● **Work request**
Everything in the entries below except the pictures must be returned exactly.

● **Records provided**

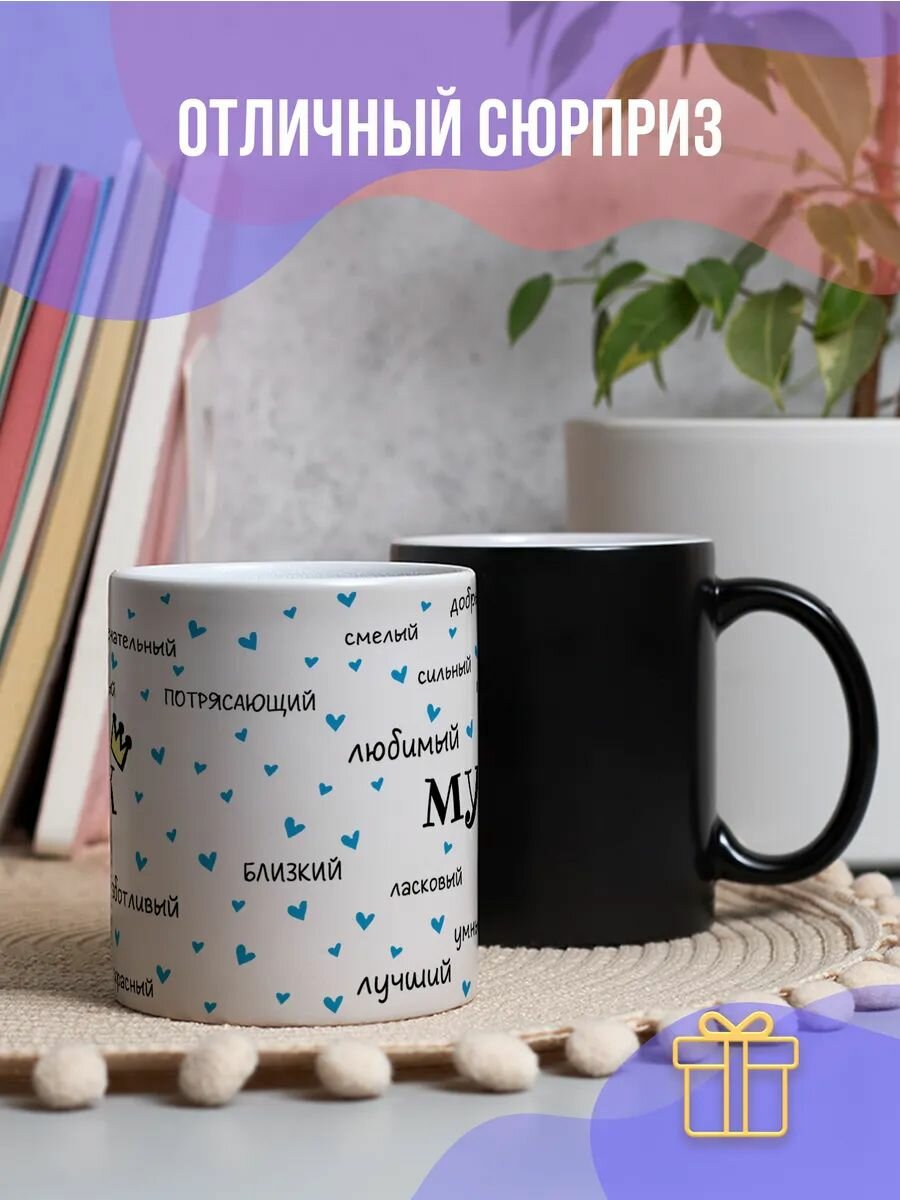 Кружка керамическая с приколом подарок мужу на день рождения с оживающим принтом "Комплименты мужу"
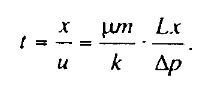 Время продвижения частицы жидкости на участке х, очевидно, запишется
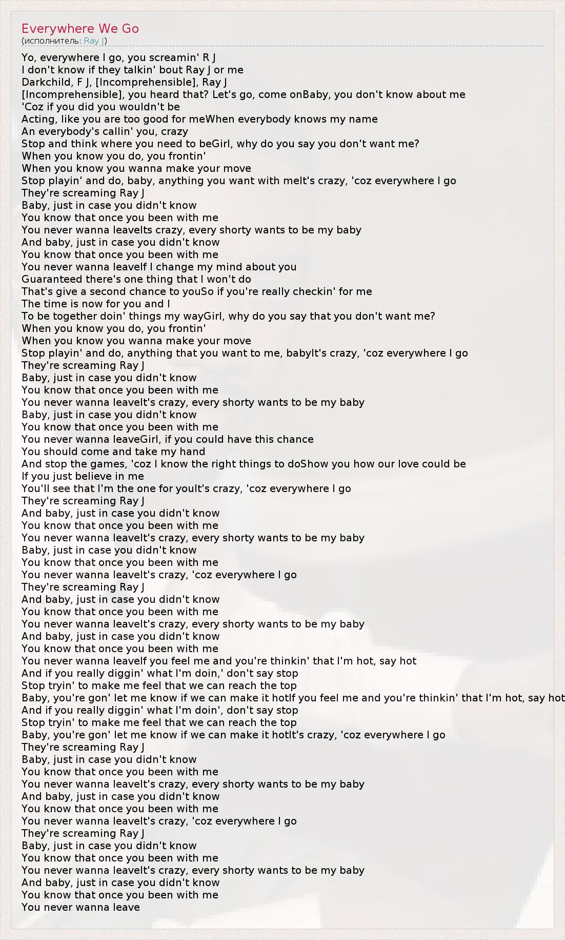 А как ты думаешь, о чем песня "Everywhere We Go" ?
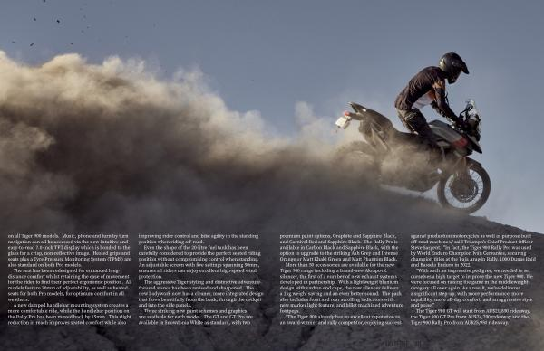 on all Tiger 900 models . Music , phone and turn by turn navigation can all be accessed via the new intuitive and easy-to-read 7.0-inch TFT display which is bonded to the glass for a crisp , non-reflective image . Heated grips and seats plus a Tyre Pressure Monitoring System ( TPMS ) are also standard on both Pro models .
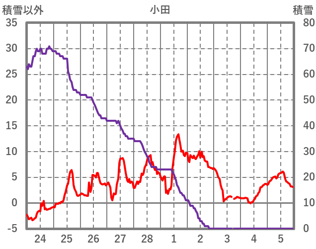 | 日 | 時 | 気温 | 降水 | 風向/風速 | 日照 | 積雪 | 降雪 |
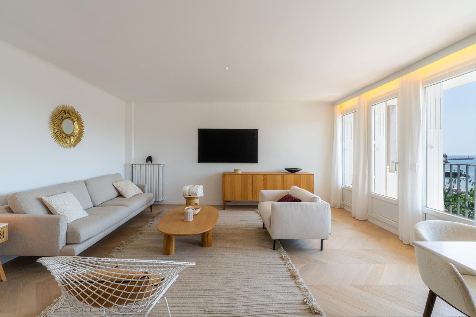 Face à la plage des Catalans, là où la mer rejoint la ville, s'ouvre un appartement d'exception de près de 80 m2, entièrement rénové, aménagé et équipé avec des matériaux choisis pour leur raffinement et leur qualité.
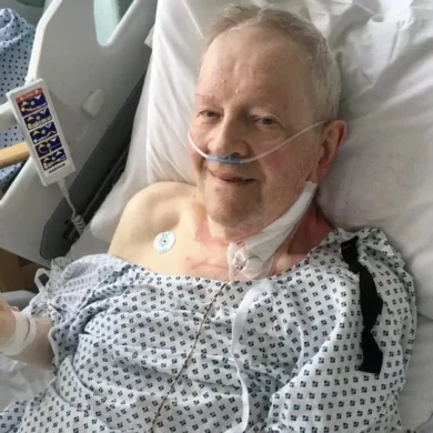 In 2015, Ross’ auntie was diagnosed with stomach cancer and sadly passed away in 2017. His mum was also checked for CDH1 (the stomach cancer gene) and was diagnosed with stomach cancer. She received chemotherapy and surgery to remove her stomach (a gastrectomy). After tests, Ross, and some of his other family members, found out that they also carried the CHD1 gene. In 2018, Ross had a gastrectomy. When he received the pathology results from his removed stomach, 64 pre-cancerous cells had been found.
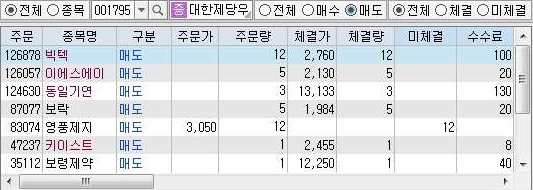 그리고 나서 매도를 한번 보고자 하면, 이 역시 당상히 다양한 종목의 매도가 일어난 것을 확인할 수 있었습니다. 다만 수량은 1000만원에 비교해서 상당히 적은 것을 확인할 수 있습니다.
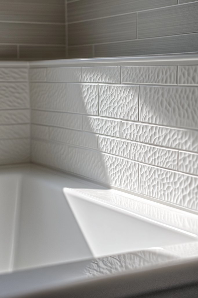 Textured tiles in a vertical layout combine timeless charm with modern edge, making your bathroom uniquely yours. Their tactile quality invites touch and admiration, transforming a simple wall into a piece of art. With a little effort, you can craft a space that’s both functional and incredibly stylish.
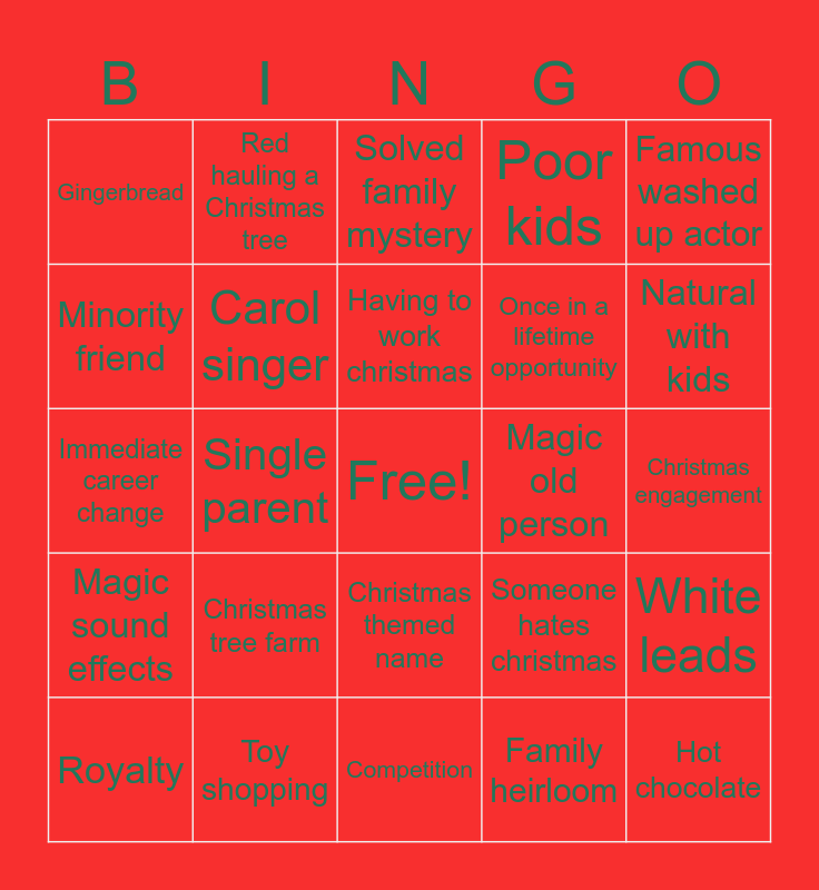 This bingo card has a free space and 49 words: Dead parents, Hot chocolate, Baking, Competition, Christmas tree farm, Snowing, Red hauling a Christmas tree, Sassy friend, Minority friend, Lights turn on, Carol singer, Poor kids, White leads, Someone hates christmas, Decorating tree, Third act misunderstanding, Having to work christmas, Magic old person, Old man/women is santa, Famous washed up actor, Single parent, Family heirloom, Gingerbread, Once in a lifetime opportunity, Actors off wish, Natural with kids, Royalty, Praise outweighs talent, Christmas themed name, Magic sound effects, Family receipe, Red dress, Snowball fight, Reindeer, Toy shopping, Priceless heirloom looks cheap, Mistaken identity, Mistletoe, Christmas engagement, Christmas formal ball, Child matchmaker, Immediate chemistry, Shitty ex, Shitty partner, Immediate career change, Solved family mystery, Kissing while snowing, That's not how it works and Christmas pyjamas.

● **Answer for the task**
 Кружка керамическая с приколом подарок мужу на день рождения с оживающим принтом "Комплименты мужу"
 Время продвижения частицы жидкости на участке х, очевидно, запишется
 А как ты думаешь, о чем песня "Everywhere We Go" ?
 on all Tiger 900 models . Music , phone and turn by turn navigation can all be accessed via the new intuitive and easy-to-read 7.0-inch TFT display which is bonded to the glass for a crisp , non-reflective image . Heated grips and seats plus a Tyre Pressure Monitoring System ( TPMS ) are also standard on both Pro models .
 | 日 | 時 | 気温 | 降水 | 風向/風速 | 日照 | 積雪 | 降雪 |
 Face à la plage des Catalans, là où la mer rejoint la ville, s'ouvre un appartement d'exception de près de 80 m2, entièrement rénové, aménagé et équipé avec des matériaux choisis pour leur raffinement et leur qualité.
 In 2015, Ross’ auntie was diagnosed with stomach cancer and sadly passed away in 2017. His mum was also checked for CDH1 (the stomach cancer gene) and was diagnosed with stomach cancer. She received chemotherapy and surgery to remove her stomach (a gastrectomy). After tests, Ross, and some of his other family members, found out that they also carried the CHD1 gene. In 2018, Ross had a gastrectomy. When he received the pathology results from his removed stomach, 64 pre-cancerous cells had been found.
 그리고 나서 매도를 한번 보고자 하면, 이 역시 당상히 다양한 종목의 매도가 일어난 것을 확인할 수 있었습니다. 다만 수량은 1000만원에 비교해서 상당히 적은 것을 확인할 수 있습니다.
 Textured tiles in a vertical layout combine timeless charm with modern edge, making your bathroom uniquely yours. Their tactile quality invites touch and admiration, transforming a simple wall into a piece of art. With a little effort, you can craft a space that’s both functional and incredibly stylish.
 This bingo card has a free space and 49 words: Dead parents, Hot chocolate, Baking, Competition, Christmas tree farm, Snowing, Red hauling a Christmas tree, Sassy friend, Minority friend, Lights turn on, Carol singer, Poor kids, White leads, Someone hates christmas, Decorating tree, Third act misunderstanding, Having to work christmas, Magic old person, Old man/women is santa, Famous washed up actor, Single parent, Family heirloom, Gingerbread, Once in a lifetime opportunity, Actors off wish, Natural with kids, Royalty, Praise outweighs talent, Christmas themed name, Magic sound effects, Family receipe, Red dress, Snowball fight, Reindeer, Toy shopping, Priceless heirloom looks cheap, Mistaken identity, Mistletoe, Christmas engagement, Christmas formal ball, Child matchmaker, Immediate chemistry, Shitty ex, Shitty partner, Immediate career change, Solved family mystery, Kissing while snowing, That's not how it works and Christmas pyjamas.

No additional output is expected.